Says you, but that's not universally true. And when you talk about another "recipient", it's important to clarify that sharing is between apps on your own system. Sharing between people may or may not occur as a result of that, which is another reason why I liken it to copy and paste.

> I’m not sure why you feel this is necessary to point out as a response here.

The point is that privacy is the default. It doesn't need to be justified. As Apple says repeatedly and vehemently, "We believe privacy is a fundamental human right."

> That's exactly the way sharing worked for many years, until Ventura.

I don’t mean that the burden of proof is to show that they could or even should work the same way. I mean the burden of proof is to demonstrate the same principle applies to copying a link as applies to sharing it.

> And when you talk about another "recipient", it's important to clarify that sharing is between apps on your own system. Sharing between people may or may not occur as a result of that, which is another reason why I liken it to copy and paste.
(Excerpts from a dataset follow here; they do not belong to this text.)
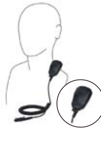
小型スピーカーマイク EK-404-581 握りやすい小型のスピーカーマイク。2.5Φのイヤホンジャック付。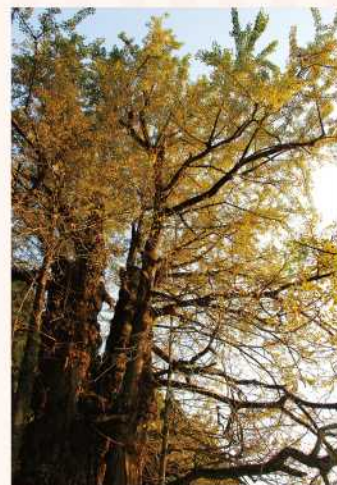
春日の大銀杏 -Large Ginkgo Tree of Kasuga-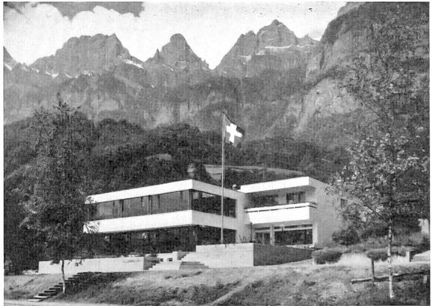
Dieses schucke Soldatenhaus des CVJM in Walenstadt ist am 21. Juni 1967 eingeweiht worden.

Im Sinn einer Uebergangsregelung für die Zwischenzeit bringt die Verordnung eine bereits in diese Richtung gehende Lösung, indem sie die bundesrechtlichen Bestimmungen über den Straßenverkehr als allgemeine Dienstvorschriften im Sinn der Art. 72 und 180 MStG erklärt und damit ihre strafrechtliche Beurteilung und damit ihre strafrechtliche Beurteilung der Militärgerichtsbarkeit zuweist. K.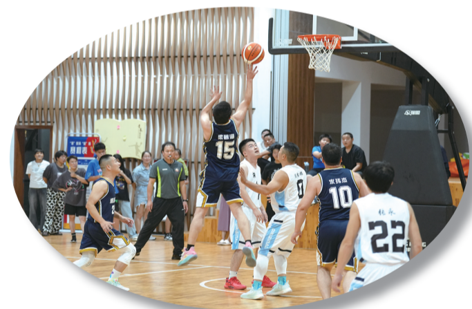
旅“澄”愉快棠村系列主题活动

This is a fair point! Particularly because the “share” functionality is overloaded for things which it conceptually shouldn’t be.

> The point is that privacy is the default. It doesn't need to be justified. As Apple says repeatedly and vehemently, "We believe privacy is a fundamental human right."

I’m still not sure why you’re pointing this out to me here. I was never arguing that this warrants an exception to privacy, by default or otherwise. I was questioning the applicability of privacy to the functionality in question. You’ve given me some reason to reconsider that. Not on the basis that I’ve reevaluated the value of privacy per se, but on the basis that I do better see how it might apply in this case.

when sharing links using messages I copy/paste use angle brackets:

  <https://www.example.com>
no preview loaded.

If you paste in a URL it will automatically load and preview the link.